1. One Size Doesn’t Fit All

Everyone has their own working style. One difficulty of remote management is that you miss out on learning an employee’s particular quirks and habits. These things you could usually pick up on at the office. Some people prefer independence, while some like hands-on management. It’s up to you as the manager to work on accommodating these different styles so that everyone feels comfortable. If you are able to help with these different styles, you can maximize productivity in each employee’s own way. 

2. Establish & Maintain Clear Remote Communication

Being able to staying connected from a distance is absolutely essential for a team. Not just for keeping each other updated on projects and deadlines, but also simple to maintain the strong relationship that is needed for effective teamwork. Video meetings are a great and easy way to do this. They should be conducted with the entire team at least once a week, like you would have in person update meetings in the office. Video meetings can be much more effective than phone calls/conferences, keeping employees engaged, focused, and aligned.

Other great ways to stay connected to your employees with clear communication are chat platforms such as CallHarbor Inner-Office Chat, Slack, Microsoft Teams, etc. However you choose to communicate, make sure your employees feel like you are available and ready for communication. You don’t want to get stuck in a situation where remote workers feel isolated or out of the loop.

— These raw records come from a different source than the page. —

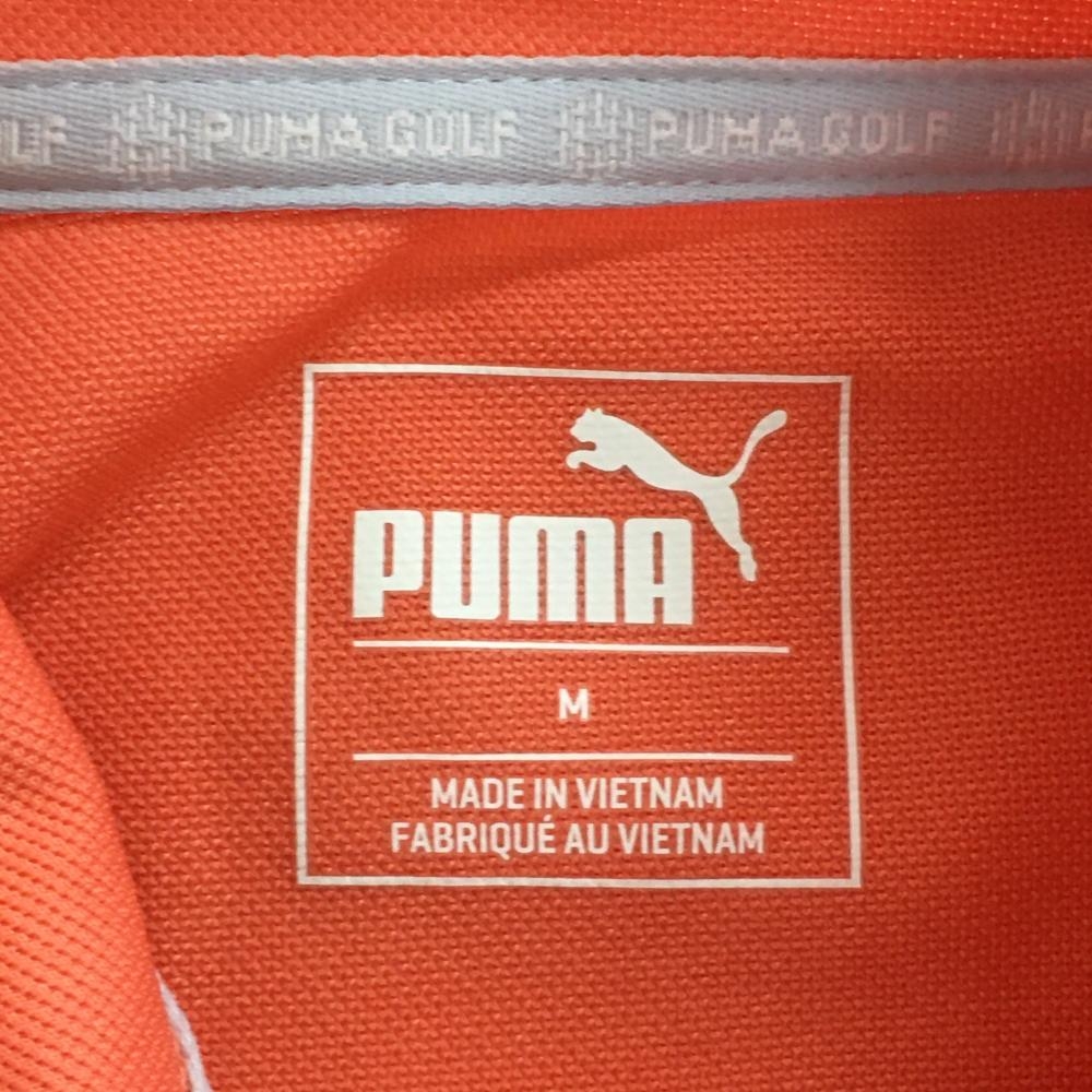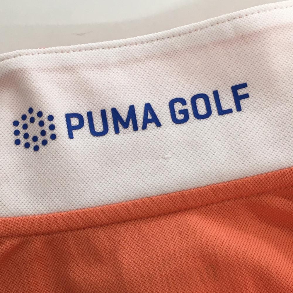 【美品】プーマ 半袖ポロシャツ サーモンピンク ロゴ白 襟裏ロゴ レディース M ゴルフウェア PUMA
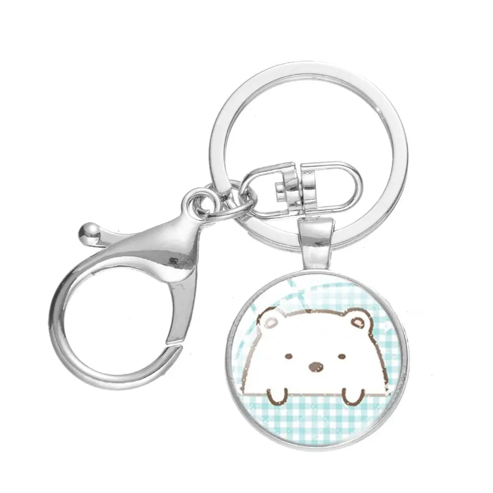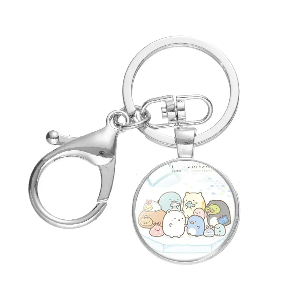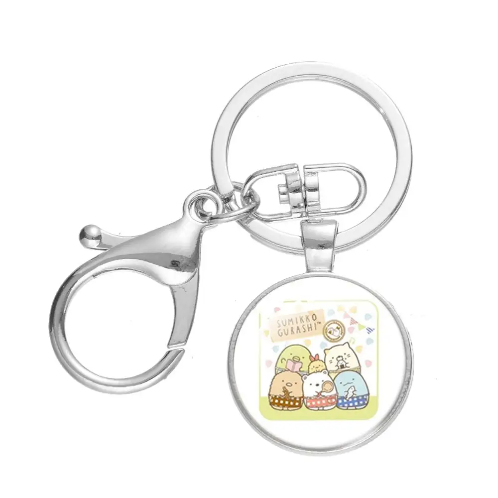 Милые Мультяшные брелки Sumikkogurashi Sumikko для косплея из цинкового сплава, металлический брелок, подвеска для ключей, металлический круглый стеклянный брелок
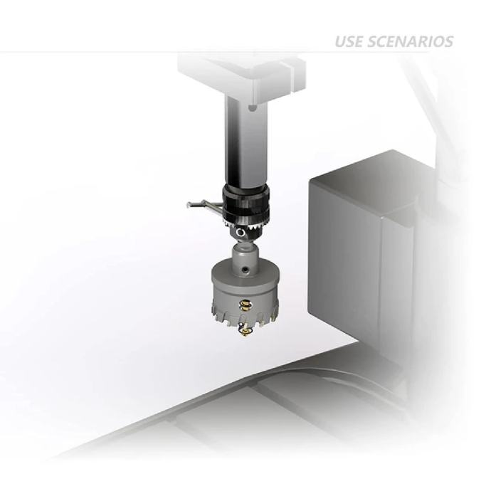 Napomena: Kod bušenja metala krunama karbidnog tipa, hlađenje, odnosno podmazivanje oštrica je preporučljivo kako bi osigurali dug radni vijek alata. Preporučamo hladiti krunske pile reznim uljem u spreju kod lakše obradivih materijala tanje stijenke, a konstantnim polijevanjem kod bušenja zahtjevnijih materijala deblje stijenke.
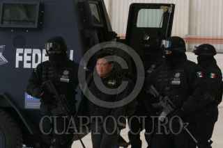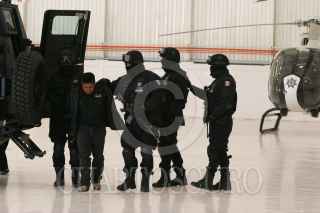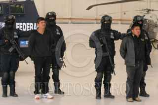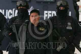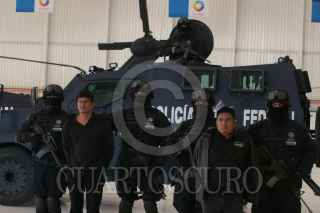 MÉXICO, D.F., 18ENERO2011.- Elementos de la Policía Federal, presentaron ante los medios de comunicación a Flavio Mendez Santiago, alias "El Amarillo", uno de los fundadores de la organización delictiva conocida como "Los Zetas" y buscado por en la lista de los 37 lideres criminales más peligrosos de México, junto con el "Amarillo" fue detenido Carlos Alejandro Rodríguez Zepeda, quien actuaba como escolta personal de Méndez Santiago. FOTO: SAÚL LÓPEZ/CUARTOSCURO.COM

3. Be Transparent About Your Availability

Being transparent about your availability is a very important thing to remember when managing a remote team. A huge perk of remote work is that employees can gain a little bit of work-life balance back. A disadvantage though, is that many remote workers actually work more hours because of how convenient it is. Especially if your remote team is dispersed in different time zones, you have to be transparent about your availability. Setting limits and being open and honest will help to avoid burnout, and make you a better leader!

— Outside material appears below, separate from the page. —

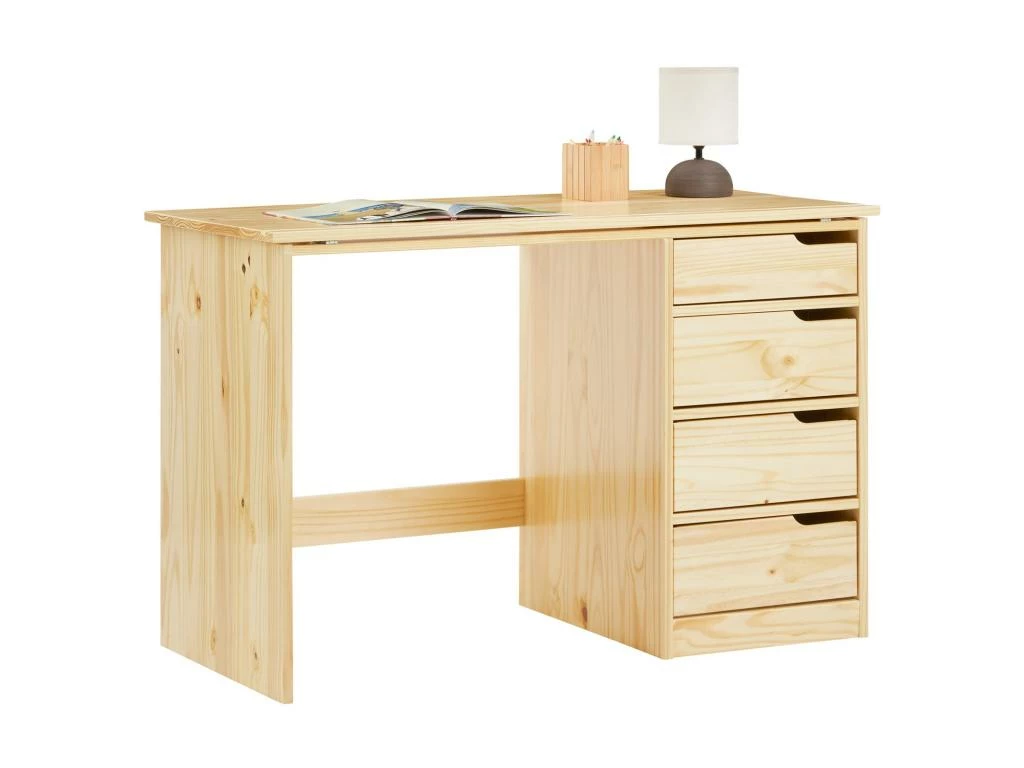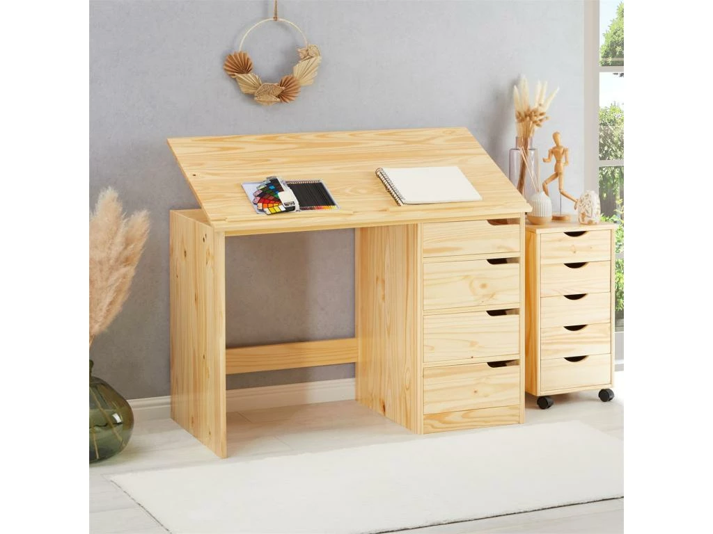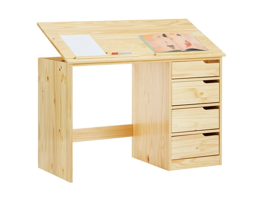 Bureau Enfant écolier Junior EMMA Pupitre Inclinable Avec 4 Tiroirs En Pin Massif Naturel

4. Give Remote Feedback Regularly

As any manager should, you should be checking in with your team regularly. Is everyone doing okay? Are projects and deadlines on track? Does anyone need anything or have questions? Sometimes employees won’t reach out to their manager because they assume they are too busy, so reaching out can help break down that boundary and let them know that you are available for them. Employees should be getting consistent feedback so they know what direction they should be heading, and if they are doing enough.

5. Send Announcements & Updates

Whether it’s an email, a video, or a Slack message, you should be sending out regular updates/announcements. You can even wrap this into your weekly check-in’s or meetings to make it easier. Having everyone up to date and on the same page will create more synergy across the board. Let’s hear from some leaders on sharing news/updates with employees.

“Our entire company gets together at the office every Friday for a free lunch on us. We use this time to vent, laugh and discuss essential company issues and announcements. I find that having a regular, low pressure and open place to address these items results in less anxiety for employees when big announcements are coming up.”

– Brandon Stapper, Nonstop Signs

“Since everyone is mostly on Slack and working, I use our company-wide channel to announce these things. That way, everyone can comment or ask questions in a way that others see and can get involved in. This is particularly helpful since most of my team is remote.”

– John Rampton, Calendar

6. Show You Care

Make brainstorming remote-friendly. There’s so many choices of software for exactly this purpose. Don’t let collaboration die just because people aren’t physically in the same space. Never cancel one-on-ones. Reschedule if necessary, but try to not make it a habit. Cancelling or constant pushing tells employees you couldn’t care less about checking in with them or things they may want to share during a dedicated chat session. Holding events, happy hours, Christmas parties, or simply making employees feel appreciated will go a long way.

7. Show Your Trust & Be Flexible

Even if some employees prefer regular input on their work, there’s still a line between giving regular feedback and being a micromanager. Yes, it’s hard to visualize everyone working away when they may be on a couch rather than at their desk, but it’s imperative that you trust your employees and show it. Odds are many of them are working parents or live in different time zones than you do. Being flexible and allowing your employees to work when and where they are more productive will help your team succeed, up employee retention, and keep a positive company culture.

“Challenge minds, not schedules.” —Inc.

8. Be Open to Feedback About Remote Management

If you are regularly sharing feedback to your team about their performance, turn it into a two-way street. It’s harder for people to approach managers remotely than a casual desk drop-by when body language and facial expressions allow for more casual conversation. Sending anything via text or even on a video call inherently feels more formal. 

Ease worry and tension by reminding employees that we’re all in this together, and you have an open ear to anything you can do to help improve the work environment. We’re not saying tell them every week—that can come off as more of an order than a suggestion. But once in a while in a group video call, throw in a light reminder that you’re open to suggestions and feedback on your management style to keep the team thriving.